Since $s_{2n - 1} = s_{2n} + a_{2n}$, we have $$\lim_{n \to \infty} s_{2n - 1} = \lim_{n \to \infty} (s_{2n} + a_{2n}) = \lim_{n \to \infty} s_{2n} + \lim_{n \to \infty} a_{2n} = \lim_{n \to \infty} s_{2n}.$$ Since $\{ s_{2n} \}$ and $\{ s_{2n-1} \}$ converges to the same limit, $\{ s_n \}$ converges. $\blacksquare$
Corollary 25.2
Corollary 25.2. If \(s > 0\), then \(\sum_{n=1}^{\infty} \frac{(-1)^{n+1}}{n^s}\) converges.
Proof. Note that for any positive integer $n$, $$n < n+1 \Longrightarrow n^{-s} > (n+1)^{-s}.$$ Thus the sequence $\{ n^{-s} \}$ is decreasing and $\lim_{n \to \infty} n^{-s} = 0$.
($(\because)$ Let any $\varepsilon > 0$. Then $\exists N \in \mathbb{P}$ such that $\frac{1}{N} < \varepsilon^{\frac{1}{s}}$ by Corollary 6.12. Note that $n^{-s} > 0, \forall n \in \mathbb{P}$ because if not, then $N_0^{-s} \leq 0$ for some positive integer $N_0$, so that $$n^{-s} \leq 0, \forall n \geq N_0 \\ \Longrightarrow 1 \leq 0 \bigotimes.$$ Thus we have that for $n \geq N$, $$|n^{-s}| = n^{-s} \leq N^{-s} < \varepsilon.$$ Thus $\lim_{n \to \infty} n^{-s} = 0$.)
By Theorem 25.1, $\sum_{n=1}^{\infty} (-1)^{n+1} n^{-s}$ converges. $\blacksquare$
Absolute Convergence
Definition 26.1. Let \(\sum_{n=1}^{\infty} a_n\) be an infinite series.
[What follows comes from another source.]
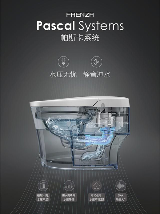 產(chǎn)品搭載FAENZA法恩莎創(chuàng)新研發(fā)的帕斯卡智能沖水系統(tǒng),突破高樓層與老舊城區(qū)水壓限制,無懼低水壓,同時實現(xiàn)靜音沖水。此外,還集成多項創(chuàng)新潔凈科技:凈瀾釉技術、智能潤壁功能、噴槍自潔功能、UV紫外線殺菌技術、銀離子抗菌座圈、水氣混合清洗技術等,如此完美的外觀+功能,讓其成為名副其實的年度爆款單品。

If \(\sum_{n=1}^{\infty} |a_n|\) converges, we say \(\sum_{n=1}^{\infty} a_n\) converges absolutely. If \(\sum_{n=1}^{\infty} a_n\) converges and \(\sum_{n=1}^{\infty} |a_n|\) diverges, we say \(\sum_{n=1}^{\infty} a_n\) converges conditionally.
Theorem 26.2
Theorem 26.2. If \(\sum_{n=1}^{\infty} a_n\) converges absolutely, then \(\sum_{n=1}^{\infty} a_n\) converges and \(\left| \sum_{n=1}^{\infty} a_n \right| \leq \sum_{n=1}^{\infty} |a_n|\).
Proof. Let $$p_n = \begin{cases} a_n & \text{if } a_n \geq 0 \\ 0 & \text{if } a_n < 0 \end{cases}$$ and $$q_n = \begin{cases} 0 & \text{if } a_n \geq 0 \\ -a_n & \text{if } a_n < 0. \end{cases}$$ Then we have $a_n = p_n - q_n$ and $|a_n| = p_n + q_n$ for all positive integers $n$.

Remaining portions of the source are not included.